# Fighting for survival, China's turtle culture



## chinaturtle (Jul 10, 2017)

Hello all Y'all!

I have recently moved backed to the US after completing a three year postdoc at Peking University in conservation, phyolgenetics, ecology, and market pathways of Chinese turtles. I am starting this thread at the suggestion of another forum member who thought others might be interested in learning more about the situation in China.
I guess I'll begin this thread with a few general observations and everyone can ask more detailed questions as interests/curiosity suits them. I'm in the process of moving back and getting settled in, so I'll do my best to answer any questions in a timely manner and post different experiences as they come to mind. 

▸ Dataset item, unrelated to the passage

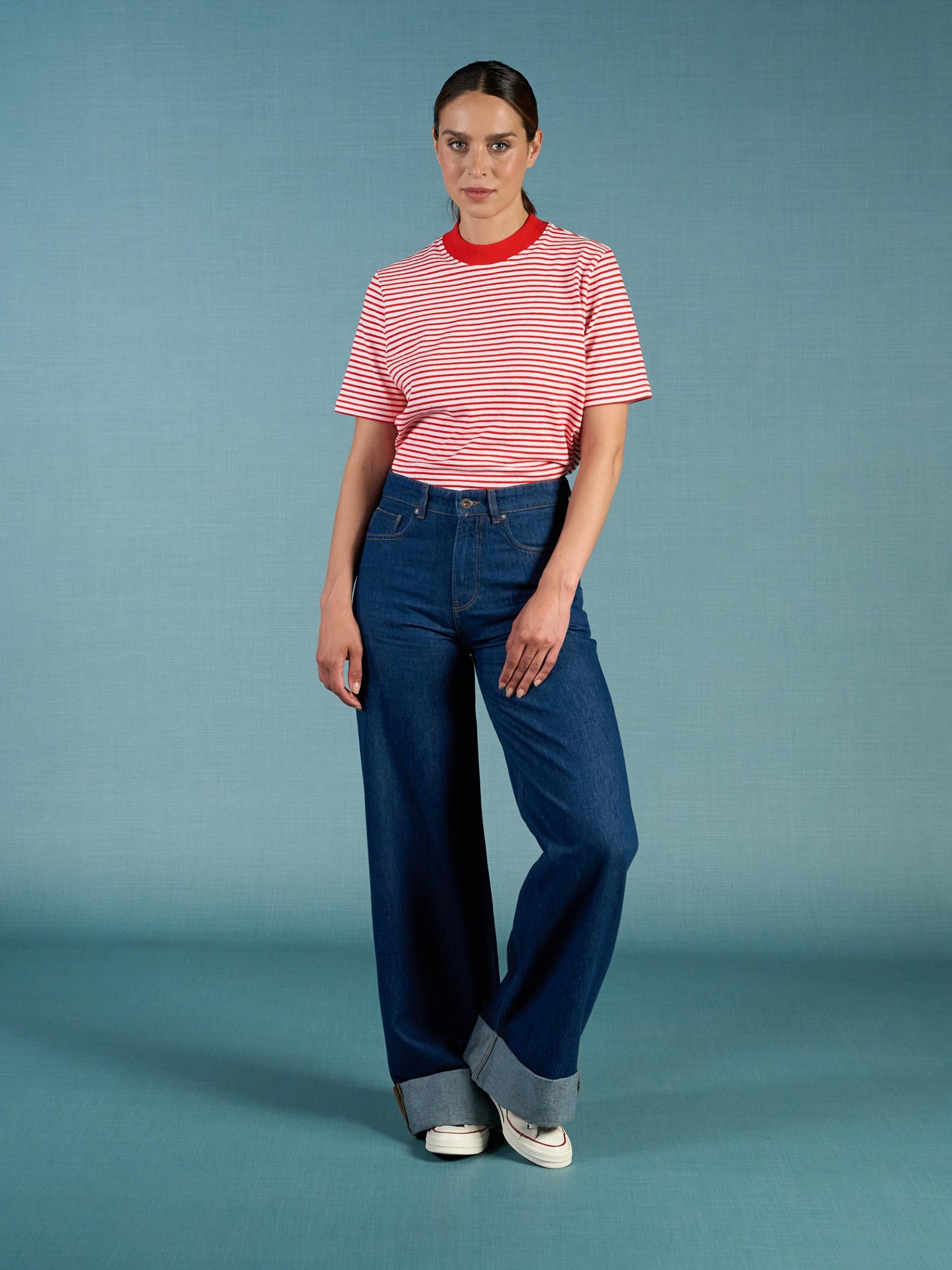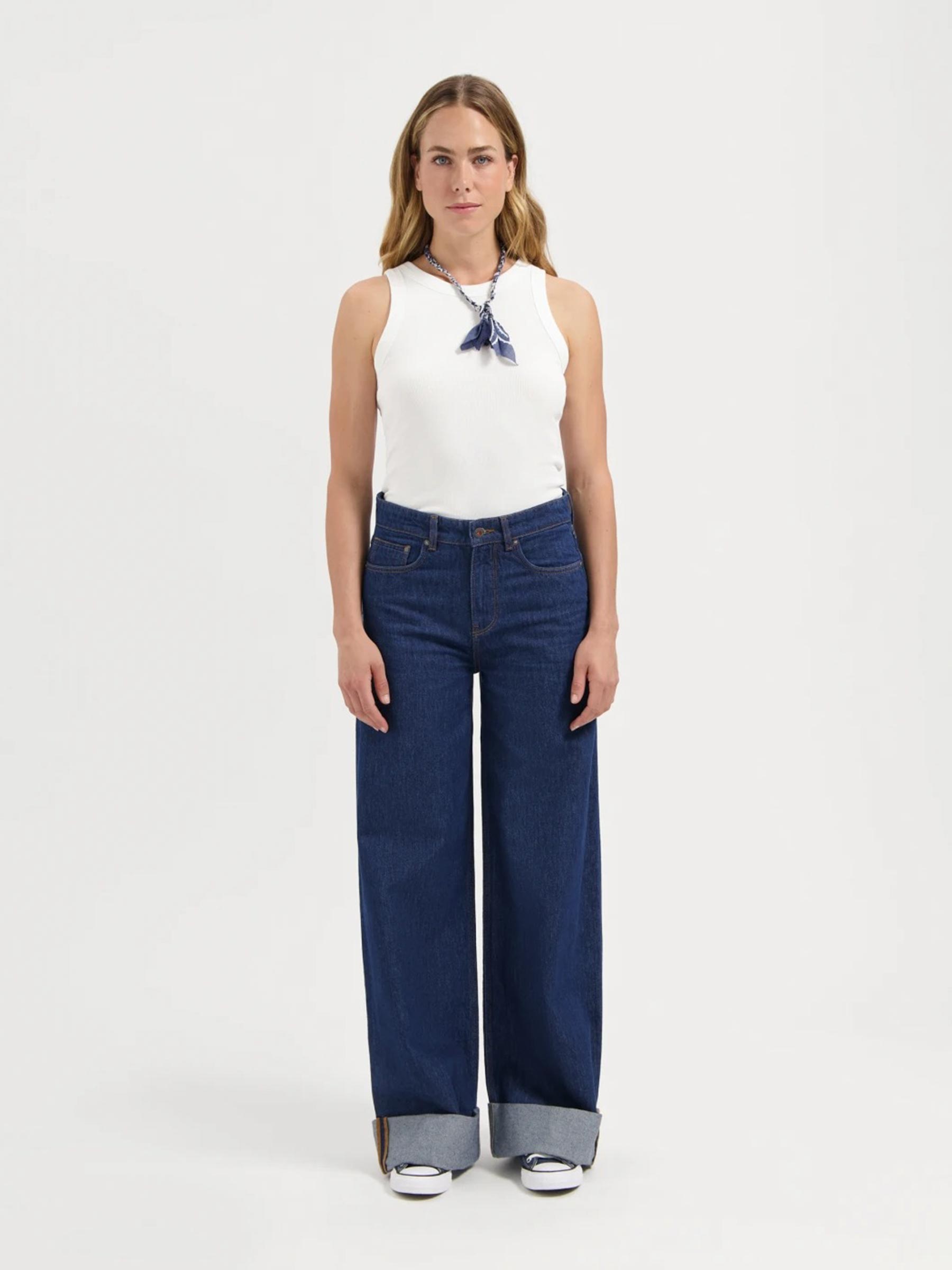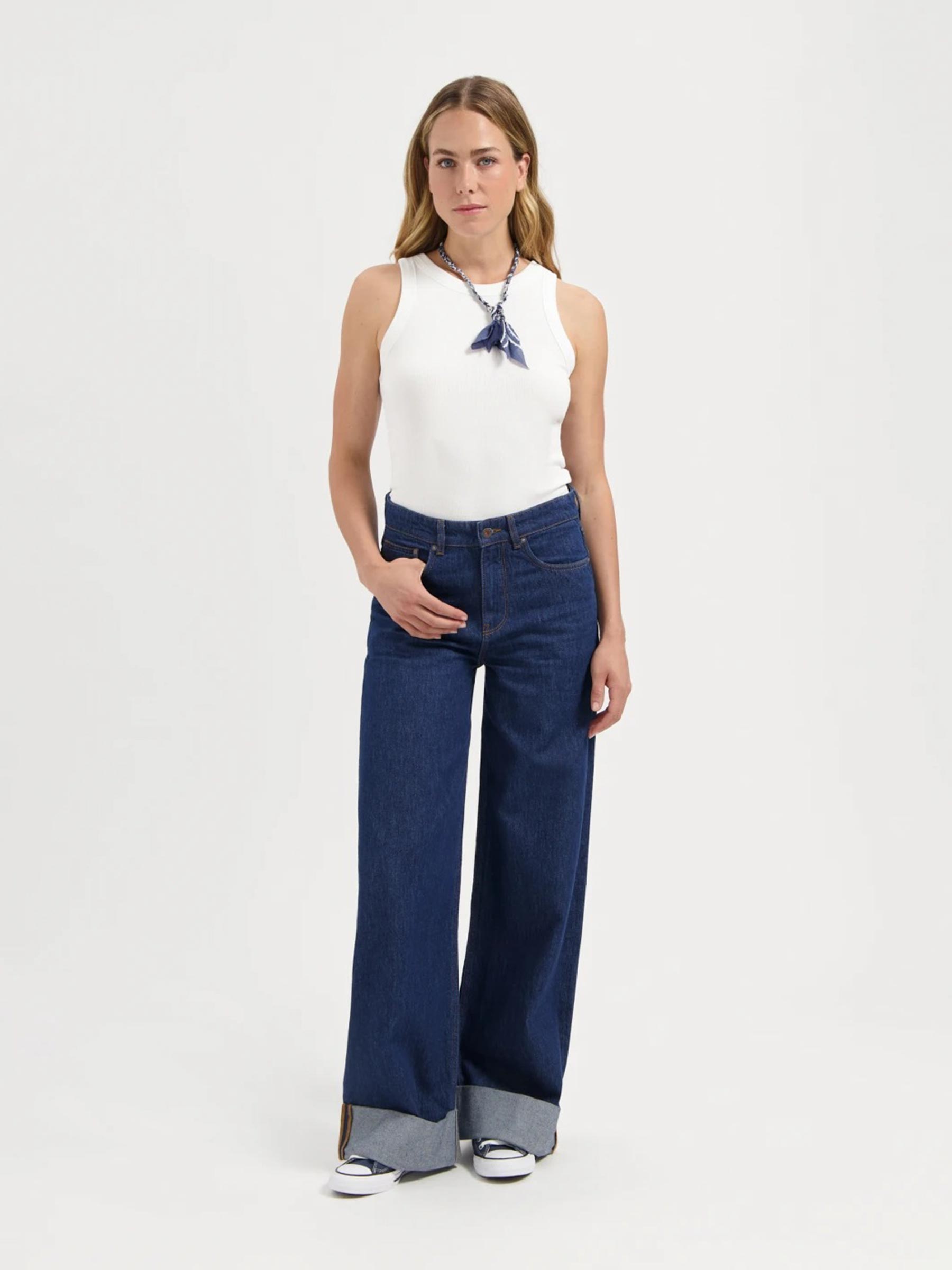 Deze donkerblauwe jeans van Kuyichi heeft een wide leg fit met een stoere opgerolde zoom. De hoge taille en stevige denim geven ‘m een mooie vintage look die perfect combineert met een aangesloten top of blazer. Een tijdloze musthave voor je denimcollectie.

First, I feel the situation is sometimes sensationalized by some reports and is not really accurate. I feel the truth of what is going on is sensational enough!! While there are large shows or expos for turtles, they really are not that big, other than Shunde and Shanghai expos. These are the expos most foreigners will go to. There are many smaller ones as well. These large expos are impressive, but most of the animals on display are all captive bred or LTC. Not really much different than expos I've been to in the US, except these are specifically for turtles. The dishes served at the expo banquet dinners do sometimes have turtles on the menu, but these are all farm raised. Typically reeve's pond turtles and Chinese softshells. So while it sounds horrible, I really do not see much harm. While we might consider eating a turtle to be offensive because we keep them as pets, it is a different culture in China, and is acceptable. 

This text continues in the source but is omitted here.